Guatemala probe raises concern for Menchu's safety
MADRID, Spain (Reuters) -- Human rights activists seeking to put former
Guatemalan
dictators on trial for alleged genocide said Tuesday they were worried
about the
safety of lead plaintiff and Nobel Peace Prize winner Rigoberta Menchu.
Menchu has often come under fire from the right wing in Guatemala for her
high-profile
and sometimes controversial campaign to spotlight human rights abuses in
Guatemala.
But her supporters said Menchu could be in even more danger now that a
Spanish
court Monday agreed to her request for an investigation into human rights
abuses
allegedly committed by the Central American nation's former military leaders.
"They (the Guatemalan military) have said that treason to your country
is paid for with
your life, and if these threats come from a military that has committed
genocide, you
have to take them seriously," Gustavo Meono, president of the Rigoberta
Menchu
Foundation, told a news conference in Madrid.
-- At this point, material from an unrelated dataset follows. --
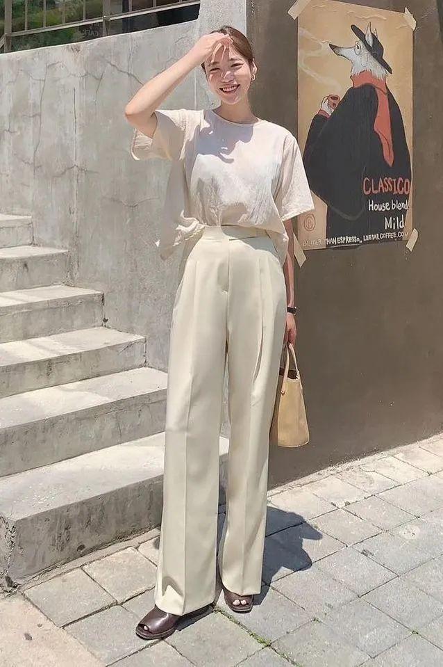 The most popular type of trousers in summer are wide-leg trousers. This kind of single product has become the latest trend in the past two years. The most popular fried item. Combining two classic and fashionable items, a T-shirt and wide-leg pants, can be called the strongest CP in summer. It can be fashionable and practical at the same time.

"It would be dangerous and difficult to continue the process in Guatemala,"
he added.
He did not discuss whether Menchu, a Maya Indian who won the Nobel in 1992,
would seek temporary exile.
Menchu's case, lodged last December, accuses three former coup leaders
and five of
their aides of genocide, torture and state terrorism as part of a counterinsurgency
campaign against Marxist guerrillas.
About 200,000 people -- mostly civilians -- died in a 36-year civil war
in which Indian
villages were literally wiped off the map. The war ended with a peace accord
in
December 1996.
Spanish lawyers said Tuesday they were confident that the accused former
coup
leaders -- including Efrain Rios Montt, now president of Guatemala's congress
--
would be tried in Spain.
If the accused "don't turn up to defend themselves voluntarily, we will
be obliged to
seek international arrest warrants," prosecution lawyer Carlos Vila told
a news
conference in Madrid.
"We could then reproduce the Pinochet case," said Vila, referring to former
Chilean
dictator Augusto Pinochet, who was arrested in London in October 1998 on
a Spanish
extradition request to try him on torture charges.
After a medical examination, authorities declared the aging general mentally
unfit for
trial and allowed him to return to Chile earlier this month.